Profeticamente, o Senhor anuncia que o Templo será destruído e reconstruído após três dias, pois ele falava a respeito do seu corpo. Depois que Jesus ressuscitou dos mortos, os discípulos se recordaram de que ele tinha dito isso, e creram na Escritura e na palavra que Jesus havia falado (Cf. Jo 2, 21-22). De fato, na força de sua Ressurreição gloriosa, a morte veio a ser vencida e todas as suas manifestações podem ser superadas.

Nós cristãos professamos a fé no Cristo Morto e Ressuscitado. Com a fé, nossa vida tem uma meta a ser alcançada, impedindo-nos de sermos afogados pelos acontecimentos positivos ou negativos. Nosso olhar se volta para a plenitude do amor de Deus, acendendo continuamente a luz da esperança. Com esta fé, passamos pelo mundo fazendo o bem, acreditando que é possível restaurar vidas e superar as muitas dilacerações existentes na sociedade.

Para tanto, somos chamados a algumas atitudes e gestos. Para nós, a maldade não tem a última palavra em quem quer que seja. Olhamos para as pessoas e suas crises pessoais e descobrimos aquela fagulha, para não apagar a chama que fumega, pois no nome de Jesus as nações podem depositar a esperança (Cf. Mt 12,15-21; Is 42,1-4). No dia a dia, não desperdiçamos as oportunidades para tecer novos relacionamentos com as pessoas, aproveitando os eventuais laços que poderiam impedir a caminhada para compor redes de fraternidade. As iniciativas de pessoas e grupos em vista do bem comum encontrarão em nós a disposição para parcerias inteligentes, nas quais cada um pode dar o que sabe e pode.

Onde quer que encontremos eventuais restos de edificações destruídas, recolheremos os pedaços para realizar a profecia: “Quando o invocares, o Senhor te atenderá, e ao clamares, ele responderá: Aqui estou! Se, pois, tirares do teu meio toda espécie de opressão, o dedo que acusa e a conversa maligna, se entregares ao faminto o que mais gostarias de comer, matando a fome de um humilhado, então a tua luz brilhará nas trevas, o teu escuro será igual ao meio-dia. O Senhor te guiará todos os dias e vai satisfazer teu apetite, até no meio do deserto. Ele dará a teu corpo nova vida, e serás um jardim bem irrigado, mina d’água que nunca para de correr. E a tua gente reconstruirá as ruínas que pareciam eternas, farás subir os alicerces que atravessaram gerações, serás chamado reparador de brechas, restaurador de caminhos, para que lá se possa morar” (Is 58, 9-12).

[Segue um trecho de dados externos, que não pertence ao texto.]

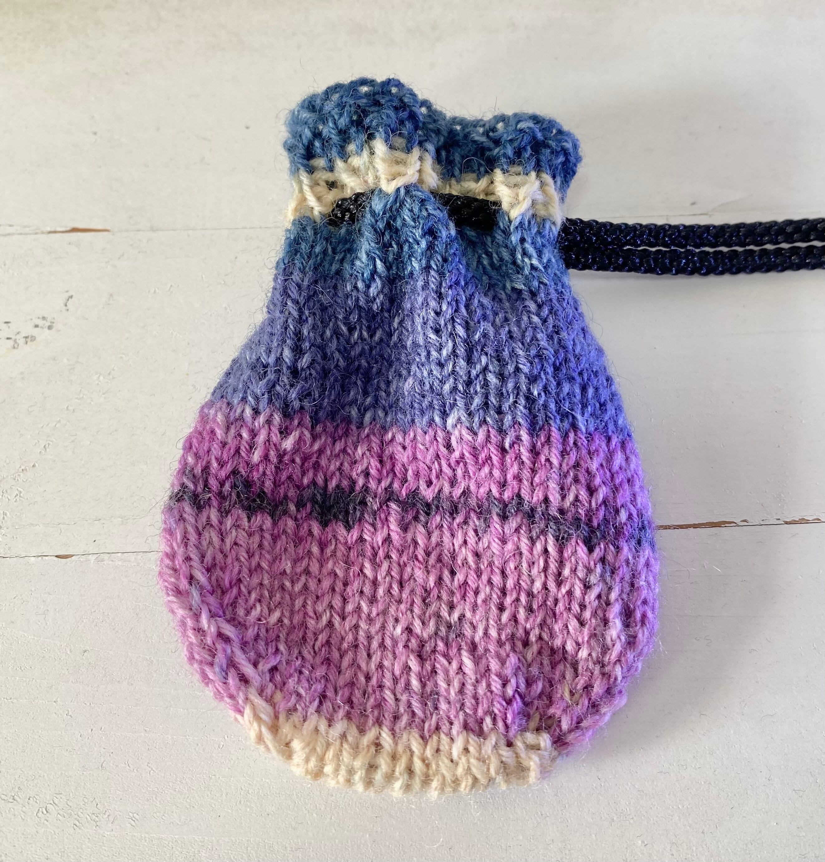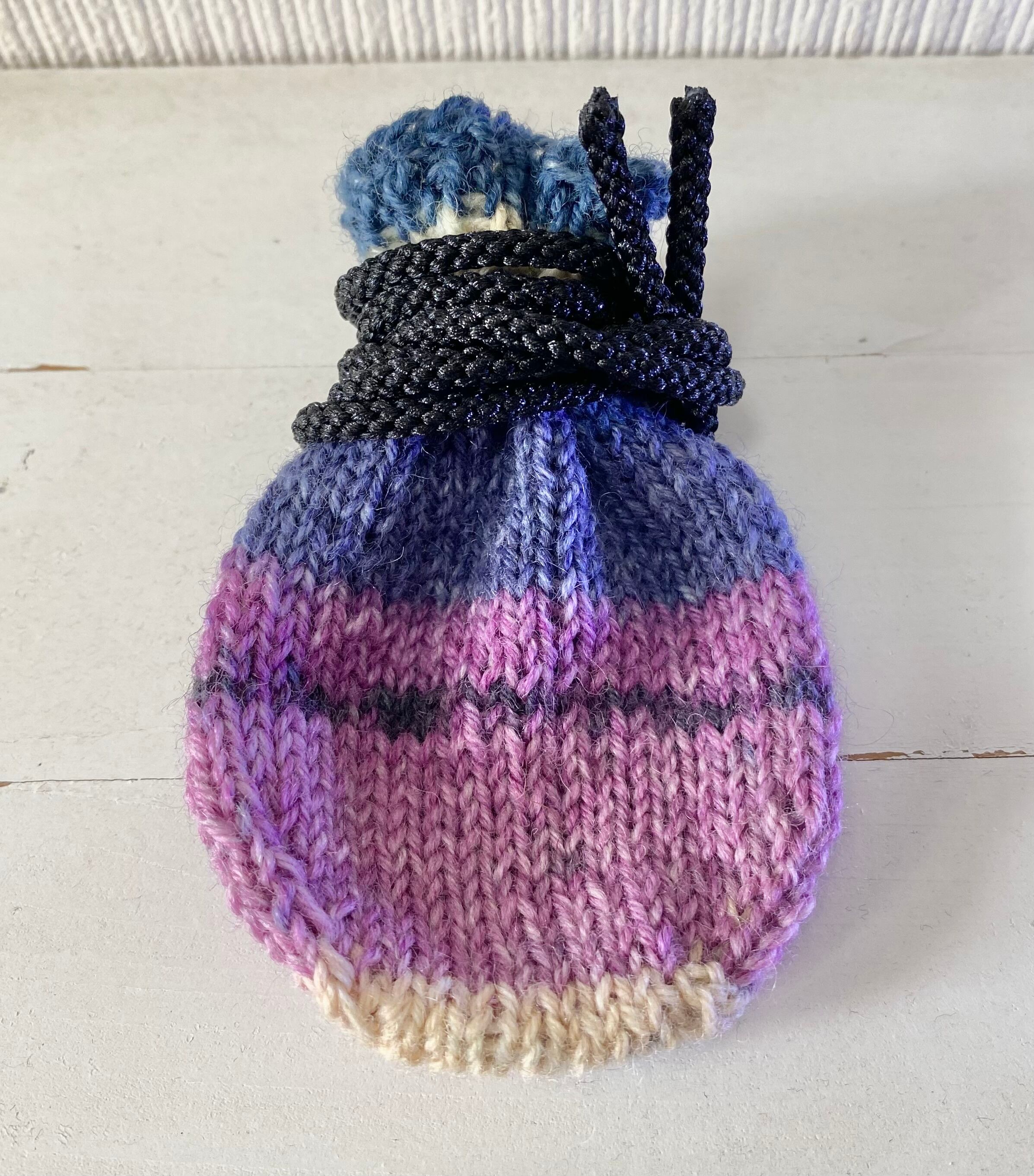 あみばあが好きな、棒針編みで編んだ小さな巾着です。紐はご自身で工夫出来るように、長めにとってあります。長めにカットして端はボンドでとめてあります。ブルーパーブルのほうが一回り小さくなってます。当店のブルーパーブルやブラックホワイトより、少し太めの紐を使用してみました。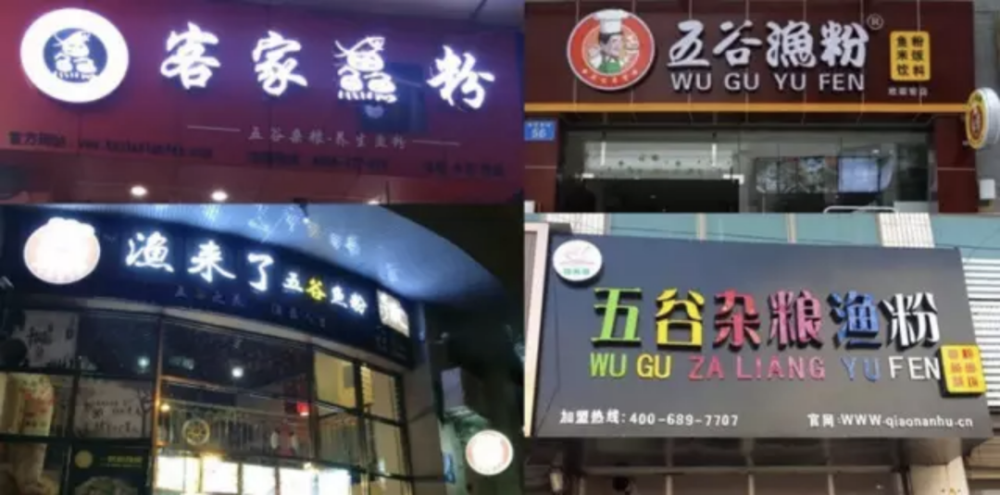 另外,从品类角度看,前文我们也有提到,很多鱼粉品牌的出现都是受到“五谷渔粉”品牌的影响,但纵观的鱼粉市场,很多餐饮创业者都有着同样的品类认知障碍,他们将“五谷渔粉”品牌等同于品类,很多鱼粉品牌都在品牌名字上带上了“五谷渔粉”“五谷鱼粉”四个大字。

Se o sonho parece muito alto, sabemos que nossa fé professa nada menos do que a vitória sobre a morte! Portanto, a esta altura do caminho quaresmal em direção à Páscoa, recomecemos a cada dia a tarefa recebida do Senhor, para reconstruir as eventuais ruínas que encontrarmos.
Dom Alberto Taveira Corrêa: Arcebispo da Arquidiocese de Belém – PA.